We set shuffle to True, to improve robustness, and then scaled the data to assist in perceptron performance.

In [14]:

X_train, X_test, y_train, y_test = train_test_split(X_encoded, y_encoded, test_size=0.25, random_state=42)

ppn = Perceptron(
    alpha=1e-3,
    max_iter=1000,
    shuffle=True,
    class_weight='balanced'
)

print(ppn.get_params())

sc.fit(X_train)
X_train_std = sc.transform(X_train)
X_test_std = sc.transform(X_test)

# Train the model
ppn.fit(X_train_std, y_train)

# Make predictions
y_pred = ppn.predict(X_test_std)

# Evaluate accuracy
print('\n Accuracy: %.2f' % accuracy_score(y_test, y_pred))
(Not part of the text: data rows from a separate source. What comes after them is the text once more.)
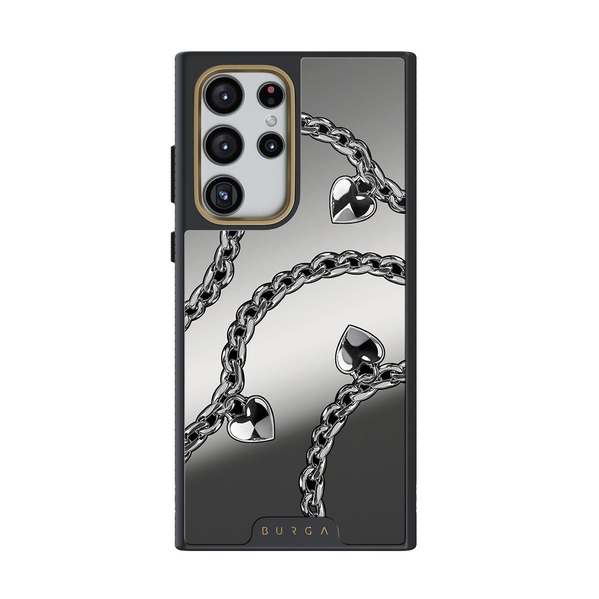 此設計特色:鍊條、心形、銀色、金屬細節、鏡面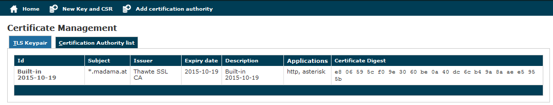 You can get the certificates configuration page using the Certificate Management link in the main menu. As shown above the default page is listing the installed TLS Keypair.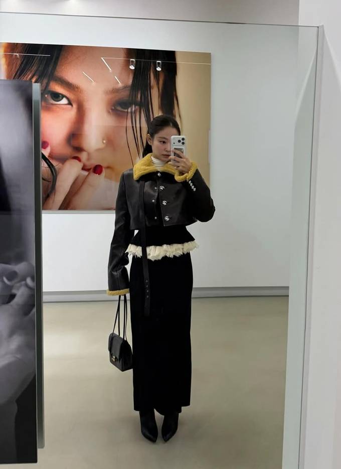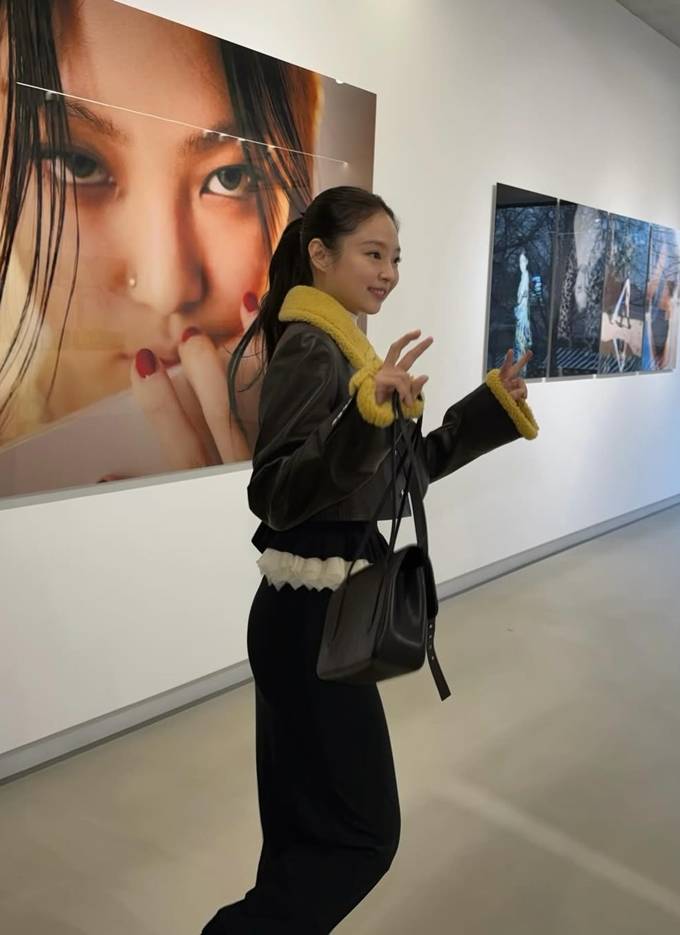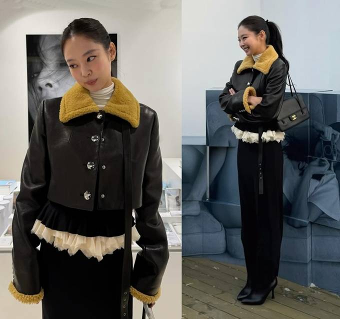 현장을 찾은 제니는 하이넥 퍼 카라 벨트가 멋스러운 크롭 레더 재킷을 입고 럭셔리하면서도 세련된 전시회룩을 선보였다.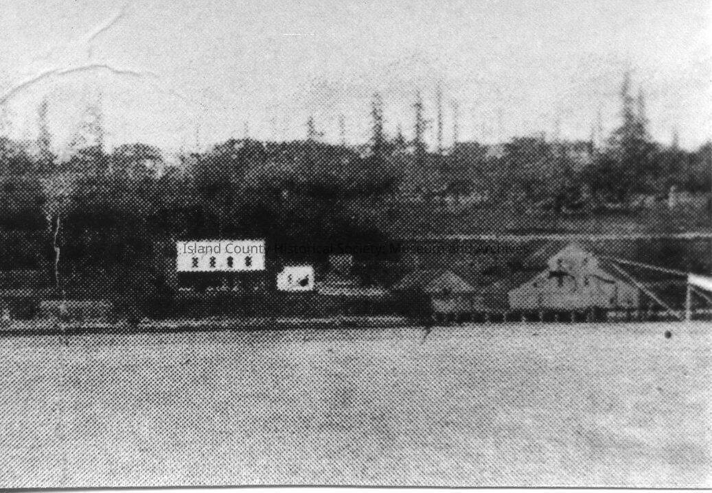 Buildings along the waterfront in Oak Harbor. Tom Martin canoe construction build on left, L.P. Byrne store center, and Byrne warehouse on right. The upper story of the warehouse was used for Oak Harbor's first high school in the early 1900's as well as a community hall.

{'alpha': 0.001, 'class_weight': 'balanced', 'early_stopping': False, 'eta0': 1.0, 'fit_intercept': True, 'l1_ratio': 0.15, 'max_iter': 1000, 'n_iter_no_change': 5, 'n_jobs': None, 'penalty': None, 'random_state': 0, 'shuffle': True, 'tol': 0.001, 'validation_fraction': 0.1, 'verbose': 0, 'warm_start': False}

 Accuracy: 0.55


We achieved a score of 0.55 which is the best score we could achieve while keeping shuffle set to True.